PROBLEM: Each line in the material below, starting at the one with "Top or mini" and ending at the one with "Antonio Jacobsen Oil", is to be reproduced exactly; no picture is to be copied.
■ ■ ■ ■ ■ ■ ■
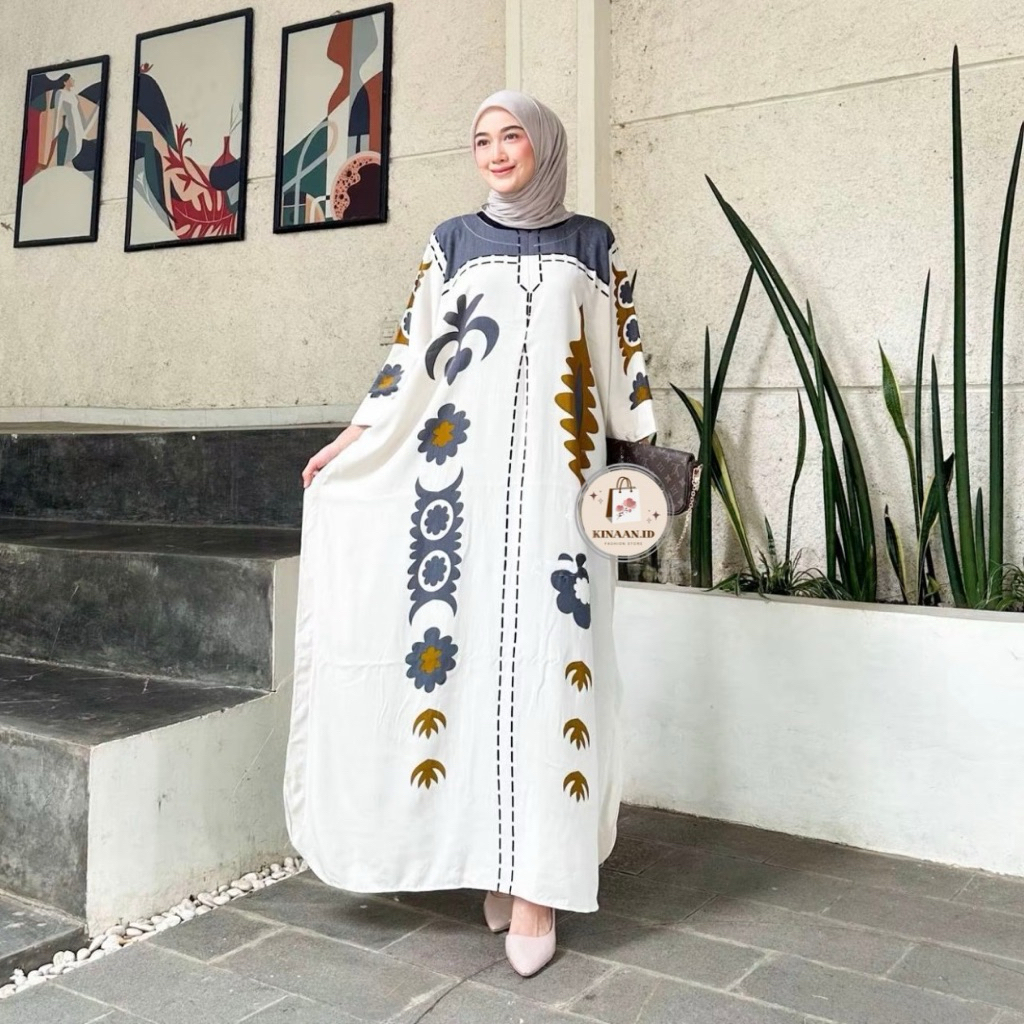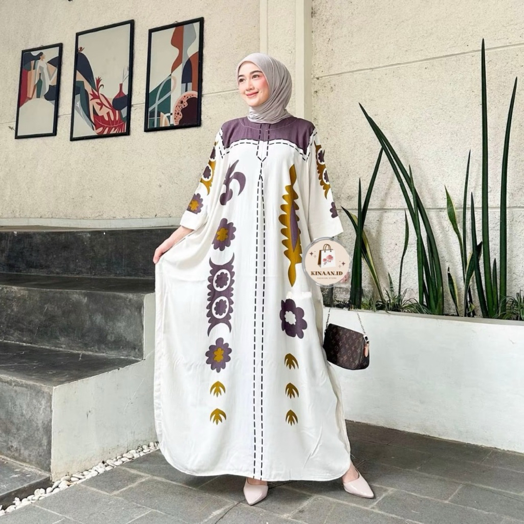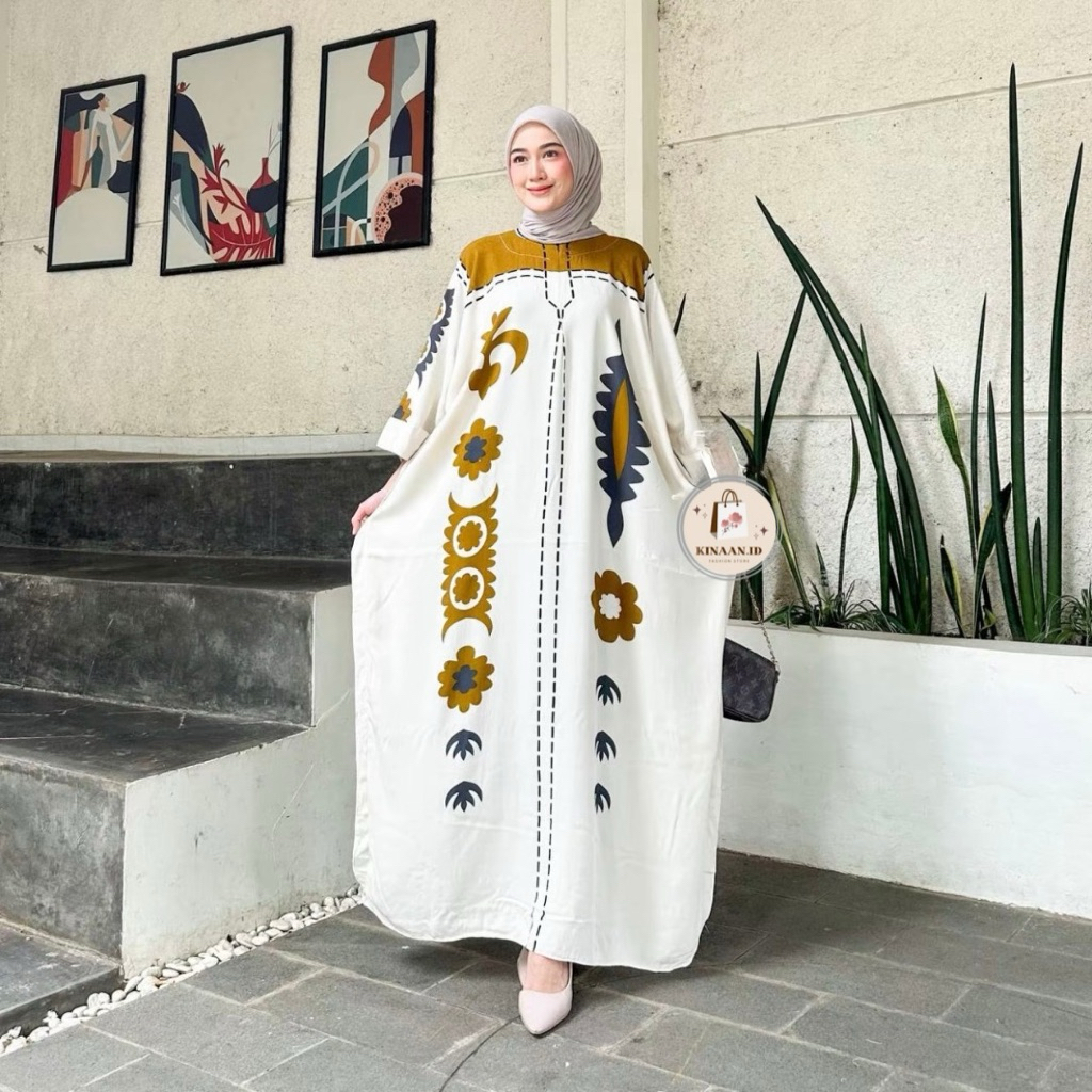 Gamis Kaftan Motif MONALISA Ld 180 cm Abaya Kaftan Panjang Muslim Wanita Nyaman Ori - kinaan.id
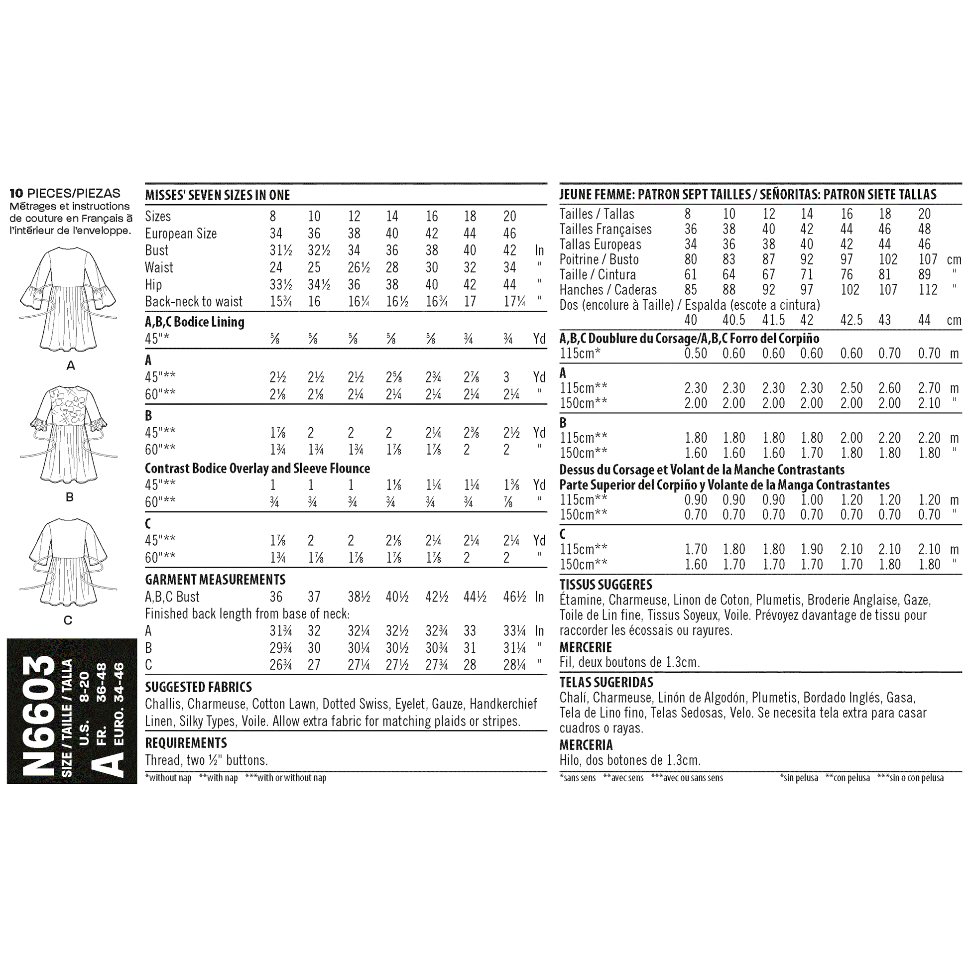 Top or mini dress with empire waist is close-fitting at bust with button closure. Length and sleeve style variations. New Look Paper Sewing Pattern.
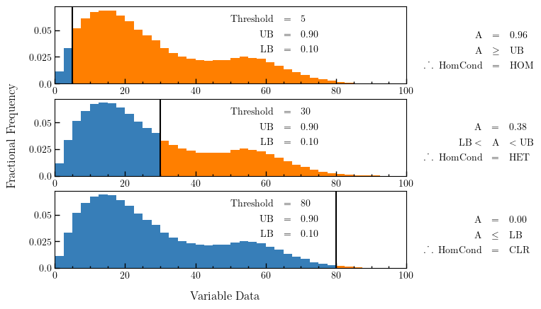 In the figure below, a graphical representation of the splitting decision making process is shown. In this, the blue histogram represents an arbitrary dataset, the orange histogram represents the values in the dataset that are greater than the threshold (and denoted 'A' in the formulae), the black line is the threshold value, 'UB' is the upper bound, and 'LB' is the lower bound. To be specific, this is a probability distribution, and hence the area under the orange curve 'A' is a decimal fraction of the total dataset (which would have an area of 1).
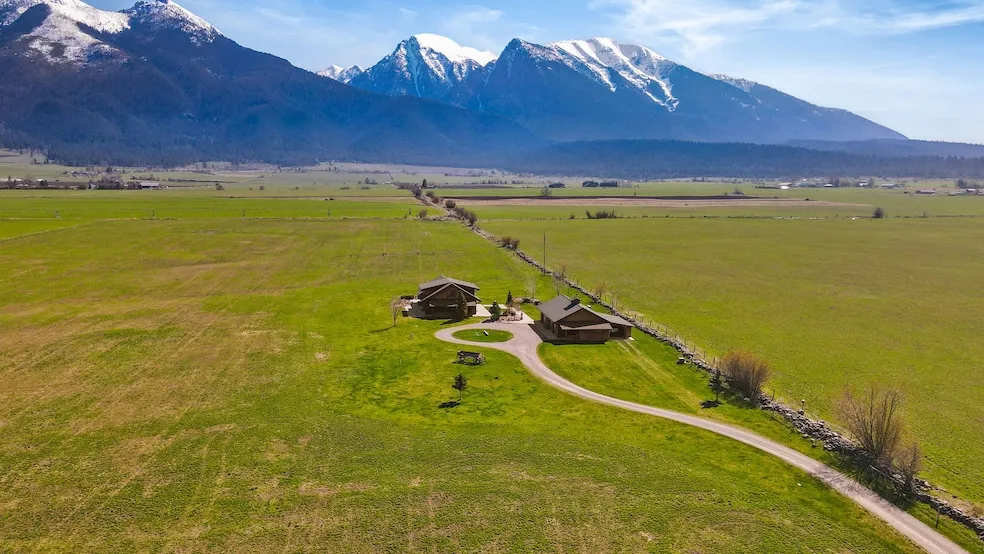 Find serenity and privacy in this bright country home nestled on 40 acres of alfalfa, surrounded by farmland and mountain peaks. The home is designed to capture unobstructed views: the Mission Mountains to the east, Bison Range to the west, and rolling grass fields to the north and south. The nearest neighbor is a quarter mile away. Built for 4 seasons, the home is masterfully constructed from R34 SIP wall panels and R50 SIP roof panels. Practical polished-concrete floors deliver radiant floor heat. Wide wraparound patios provide choices for relaxing outside, regardless of breezes or angle of the sun. No stairs from the garage through the main living area to the patios and gardens. A delightful guesthouse makes it possible for guests and owners to have private space, with a deck facing the mountains and connects with the spacious three-car garage and storage spaces. Please see 3D Inter...
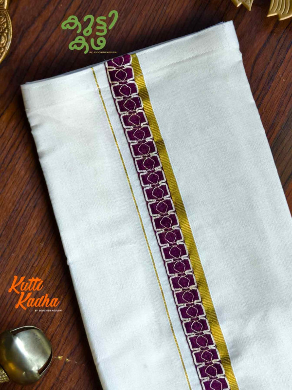 A refined take on tradition, this elegant white Kasavu mundu is elevated with a striking handcrafted central border. The pristine off-white fabric is complemented by a rich golden kasavu edge, while the highlight lies in the vibrant multicolour woven detailing running down the center—an artistic blend of heritage craftsmanship and contemporary charm.
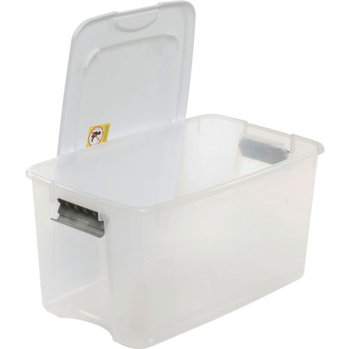 Buy Sterilite Plastic Storage Tote with Lid, Qt. Capacity, 26-1/8"L x 16-1/4"W x 13-1/2"H, Clear - Pkg Qty 4 for $74.00 at @ Globalindustrial.com
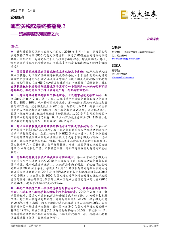 【光大证券】【20190814】贸易摩擦系列报告之六:哪些关税或最终被豁免?-14页
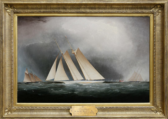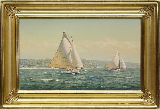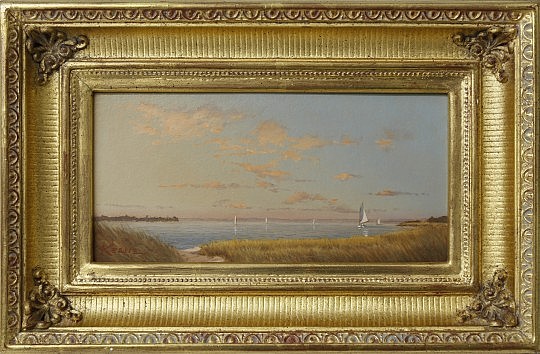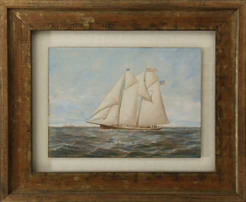 Antonio Jacobsen Oil on Artist Board “Onaway of Boston, 1915”
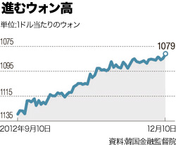 だがよく見ると韓国内の状況は異なる動きを見せている。昨年は韓国銀行が基準金利を引き上げるなど景気回復への期待感が大きかった。しかし現在は景気が悪くなる低成長局面が本格化し、韓国銀行は反対に基準金利を2度も引き下げた。物価が大きく上がった昨年はウォン高が物価負担を減らす役割をしたが、物価が安定傾向を見せている今年は得られるものも多くない。延世(ヨンセ)大学のソン・テユン教授は、「今年は大統領選挙まで行われるため、通貨当局で積極的な通貨拡大政策を展開しにくい。ウォン高傾向は韓国の輸出競争力を弱めるだけの否定的要因として作用している」と診断した。
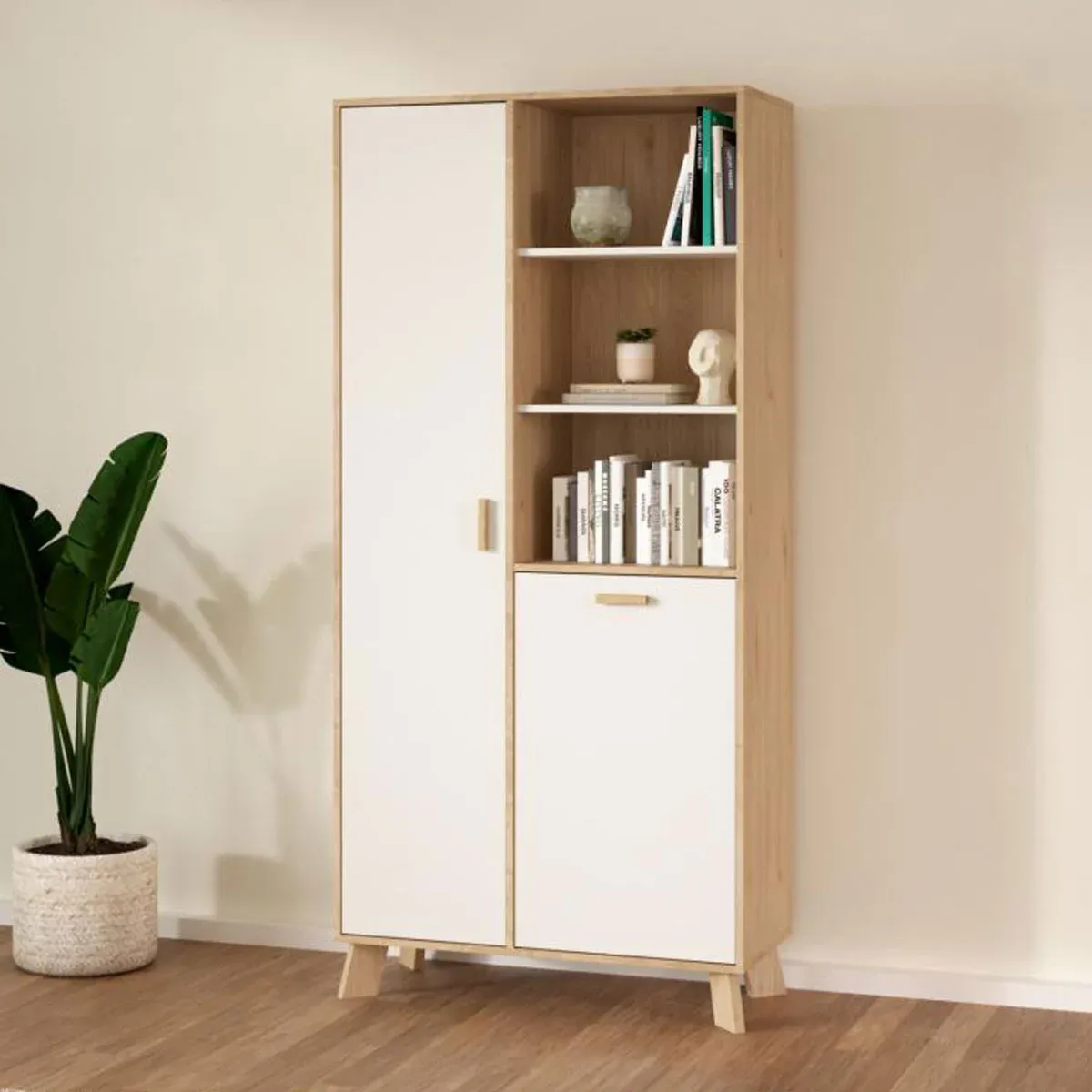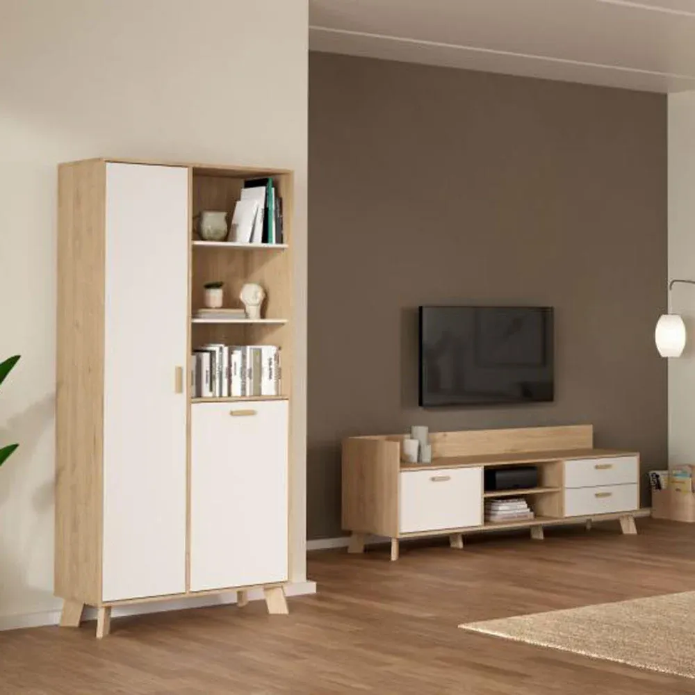 Libreria a due ante battenti in finitura Rovere e Bianco. Della stessa finitura trovate le madie, librerie e molto altro!
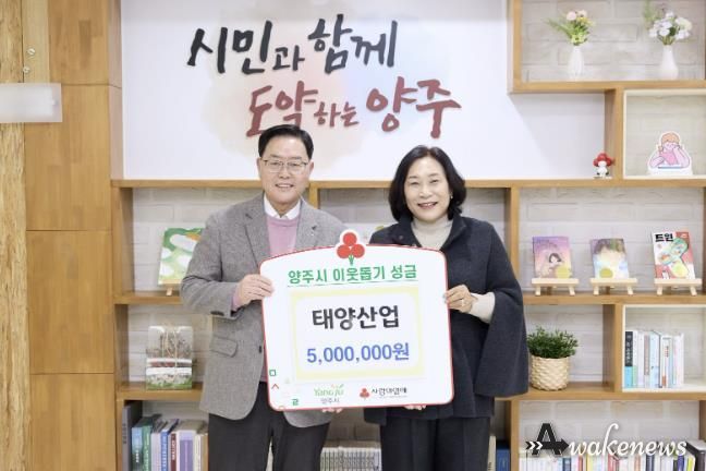 어웨이크뉴스 오경하 기자 | 양주시가 지난 5일 태양산업으로부터 이웃돕기 성금 500만 원을 기탁받았다.
■ ■ ■ ■ ■ ■ ■
TASK OUTPUT:
 Top or mini dress with empire waist is close-fitting at bust with button closure. Length and sleeve style variations. New Look Paper Sewing Pattern.
 In the figure below, a graphical representation of the splitting decision making process is shown. In this, the blue histogram represents an arbitrary dataset, the orange histogram represents the values in the dataset that are greater than the threshold (and denoted 'A' in the formulae), the black line is the threshold value, 'UB' is the upper bound, and 'LB' is the lower bound. To be specific, this is a probability distribution, and hence the area under the orange curve 'A' is a decimal fraction of the total dataset (which would have an area of 1).
 Find serenity and privacy in this bright country home nestled on 40 acres of alfalfa, surrounded by farmland and mountain peaks. The home is designed to capture unobstructed views: the Mission Mountains to the east, Bison Range to the west, and rolling grass fields to the north and south. The nearest neighbor is a quarter mile away. Built for 4 seasons, the home is masterfully constructed from R34 SIP wall panels and R50 SIP roof panels. Practical polished-concrete floors deliver radiant floor heat. Wide wraparound patios provide choices for relaxing outside, regardless of breezes or angle of the sun. No stairs from the garage through the main living area to the patios and gardens. A delightful guesthouse makes it possible for guests and owners to have private space, with a deck facing the mountains and connects with the spacious three-car garage and storage spaces. Please see 3D Inter...
 A refined take on tradition, this elegant white Kasavu mundu is elevated with a striking handcrafted central border. The pristine off-white fabric is complemented by a rich golden kasavu edge, while the highlight lies in the vibrant multicolour woven detailing running down the center—an artistic blend of heritage craftsmanship and contemporary charm.
 Buy Sterilite Plastic Storage Tote with Lid, Qt. Capacity, 26-1/8"L x 16-1/4"W x 13-1/2"H, Clear - Pkg Qty 4 for $74.00 at @ Globalindustrial.com
 【光大证券】【20190814】贸易摩擦系列报告之六:哪些关税或最终被豁免?-14页
 Antonio Jacobsen Oil on Artist Board “Onaway of Boston, 1915”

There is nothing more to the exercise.